The paper presents a new straightforward SMC method to accurately find ground and meta-stable states in DFT+U calculations, specifically applied to UO$_2$.

Findings

UO$_2$ ground state is a spin-symmetry broken state.

Different initial magnetizations affect meta-stable states but not the ground state.

Computed properties agree well with experimental data.

Abstract

It turns out that the ground states of some systems are symmetry-broken states in which some property is not symmetrically distributed. In the case of strongly correlated electron systems, that were studied by the DFT+U method, researchers had shown that the total energy of the system is a multi-minima function of input parameters and one has to single out the ground state out of the couples of minimum-energy states. However, the methods already introduced to determine these local minimum states were not able to predict all such states which may include the "true" ground state. In this work, we introduce a new simple and straight-forward method of SMC to find the GS as well as the meta-stable states of 1k-order anti-ferromagnetic configuration for UO$_2$. Using this method, it is shown that the ground state of UO$_2$ system is a spin-symmetry broken state of the electron spin magnetizations of oxygen atoms. Depending on the way we apply the SMC method, we obtain different numbers of meta-stable states, but the same ground states. The energetic properties, geometric properties, the electronic density distributions, and the electronic polarization density distributions of the ground state and the meta-stable states are shown to be different from each other.
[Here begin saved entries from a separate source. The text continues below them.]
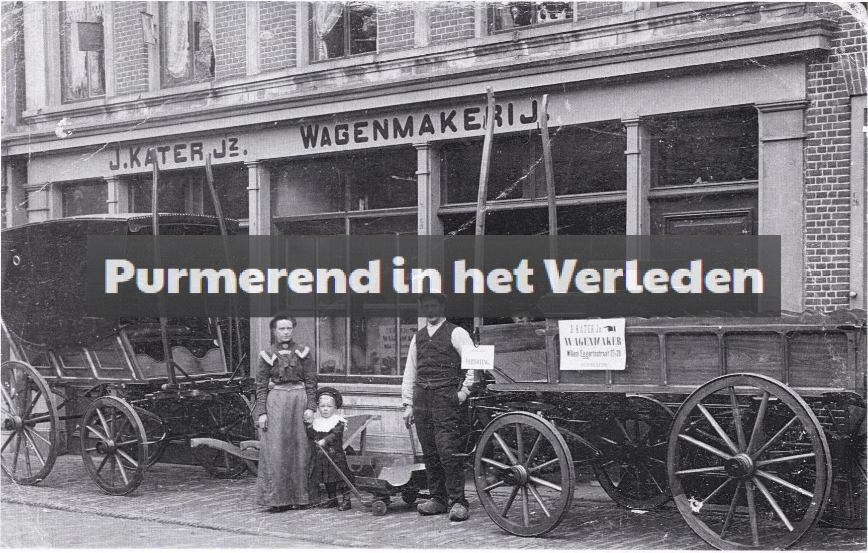 Een van de mooie momenten in de Willem Eggertstraat is het bedrijf van J. Kater Jz, een wagenmakerij. Hij laat hier, samen met zijn vrouw en kind zien, wat hij maakt voor zijn klanten. Zelfs de jongste heeft een wagen om mee te pronken.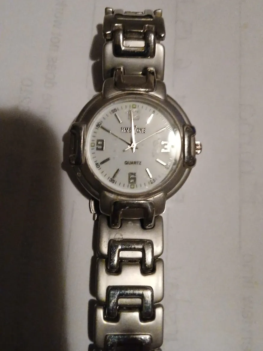 This is a Time Zone quartz watch with a silver-tone metal band. It has a white face with silver hour markers and a date window at the 3 o'clock position. The watch is made of metal. It's a reliable timepiece for everyday wear.
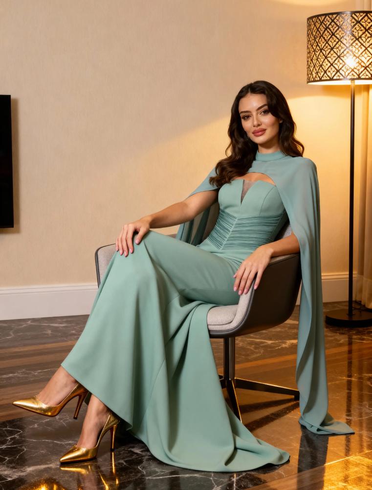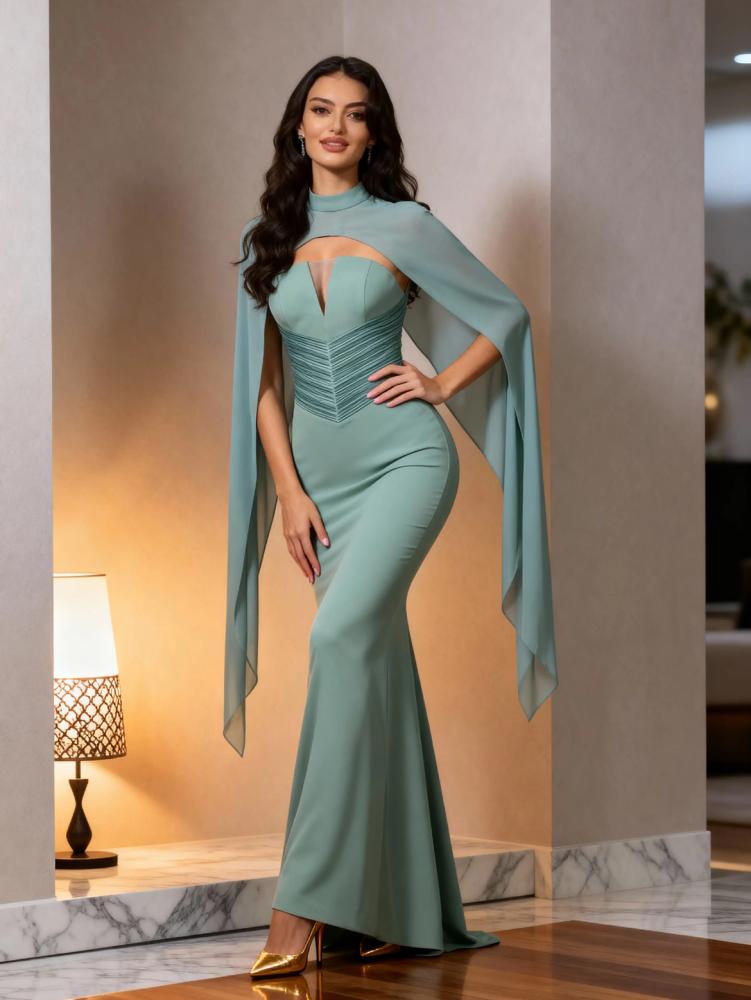 فستان سهرة بقصة كورسيه وكيب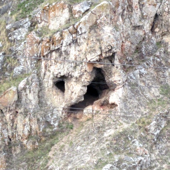 При ближайшем рассмотрении "пещеры" оказываются тремя углублениями в известняке - очень похоже на великанские ноздри.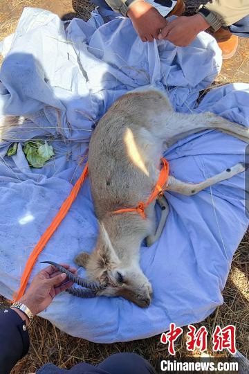 圖為受傷的國家二級保護野生動物雄性藏原羚。達(dá)日縣森林公安局供圖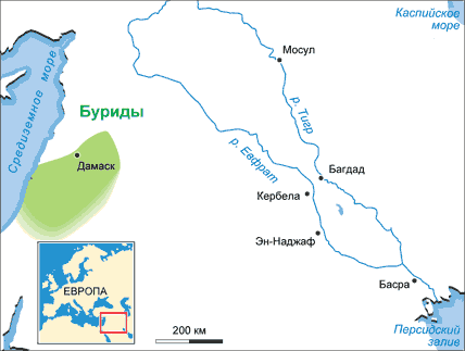 , династия эмиров, правившая в Южной Сирии в 1104-1154 гг. Основатель — Туг-тегин (1104-1128), атабек сельджукского правителя Сирии Дукака б. Тутуша I (1095-1104). Женившись на матери своего воспитанника, Туг-тегин стал единолично управлять Сирией. Буриды выступали с походами против крестоносцев; однако им не удалось укрепить власть внутри страны и получить поддержку местного населения. В 1154 г. в Дамаске утвердилась власть халебского эмира Нур ад-Дина.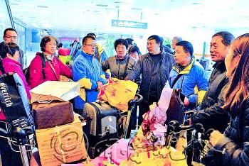 本报徐州12月19日讯(记者 乔显佳) 18日在台湾台东发生车祸的我省15人旅游团,19日晚经徐州顺利返回山东家中。 19日17时30分,14名省内游客在1名领队率领下,携带大包小包步出机场大厅。接机人员为每个家庭送上一束鲜花,还塞给每名成员一个包着200元的“压惊红包”。 在前往高铁徐州站的旅游大巴上,几名游客回忆了18日上午发生的“惊魂一分钟”。旅游车在向右躲避对面驶来的渣土车时,瞬间连续遭遇三次猛烈撞击,先是两车相撞并严重刮擦,紧接着旅游车右前侧撞到右侧山体,之后,车轮陷入路边的一条泄洪沟里,挡住连车带人向山上冲击的势头,帮助满车驾乘人员逃过一劫。 一位济南女游客说,事故发生瞬间,玻璃碴被撞得满车飞,她事后才发现脚部被碎玻璃扎伤。一位老年男游客则被撞断几颗牙齿,是游客中受伤较重的。另一位来自滨州的赵先生,嘴唇内侧被撞得青紫,另有多名游客下肢撞伤。
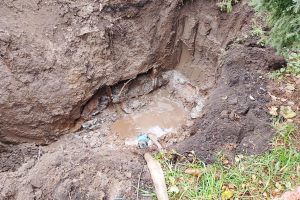 Рабочие затампонировали лоток, в котором лежит труба. Однако непосредственно к самому месту прорыва подступиться так и не удалось – по мнению специалистов, труба прохудилась на территории, которая находится в частном владении и располагается на улице Школьной. Хозяйка не разрешает проводить работы.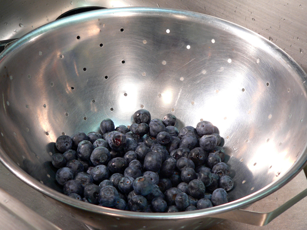 We’ll begin with the prep for our berries. Place about one cup of Blueberries in a colander. Sort through them and remove any bad berries you might find. Also, remove any stems or other items that might have been attached.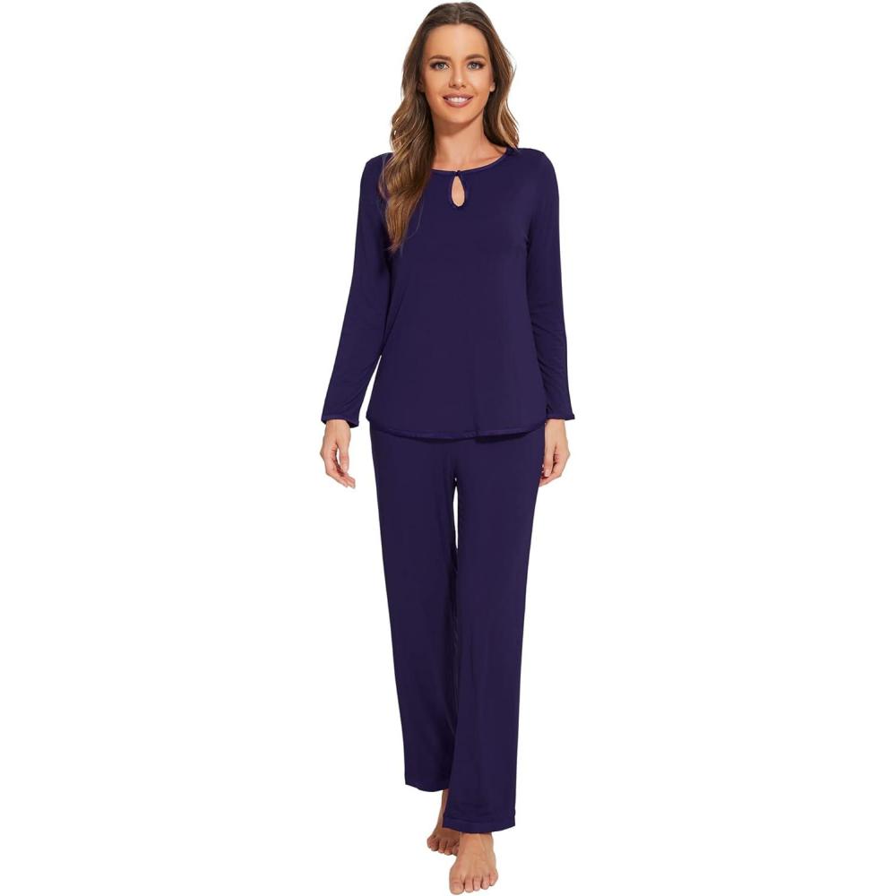 WiWi Women's Pajamas Set Soft Long Sleeve Tops and Pants Viscose from Bamboo Sleepwear Lightweight Pj Loungewear S-XXL(C-navy)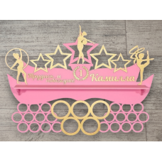 На основании медальницы накладные фигурки гимнасток, звезды и слово "Гимнастика". Сверху фамилия с именем, а с..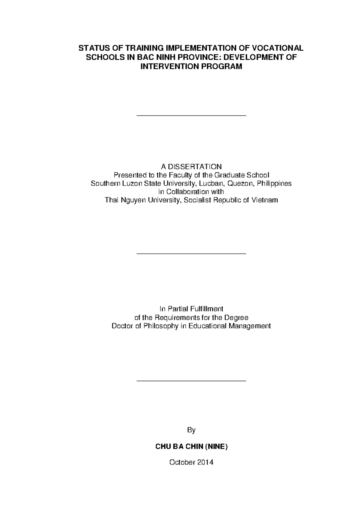 Status of Training Implementation in Bac Ninh Vocational Schools ...
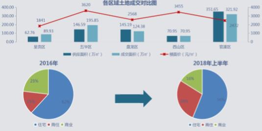官渡區和五華區成交量最大,主城四區中西山區和五華區樓面價均價破3000 p 18年上半年昆明土地成交主要集中在官渡區和五華區,從樓面價五華區和西山區樓面價破3000。巫家壩板塊和范亞科技板塊大量 優質土地成交將推動項目所在區域的發展 p 從成交結構來看,仍以住宅屬性土地為主,但商住類土地占比大幅度增加,住宅和商業類土地占比下降。

These properties also are shown to be sensitive to the magnitude of the initial opposite magnetizations of U1 and U2 atoms in the 1k-order anti-ferromagnetic configuration, but the number of meta-stable states as well as the ground-state properties are insensitive to this magnitude. Using the PBEsol-GGA approximation for the exchange-correlation we obtain the ground-state properties in excellent agreement with experiments.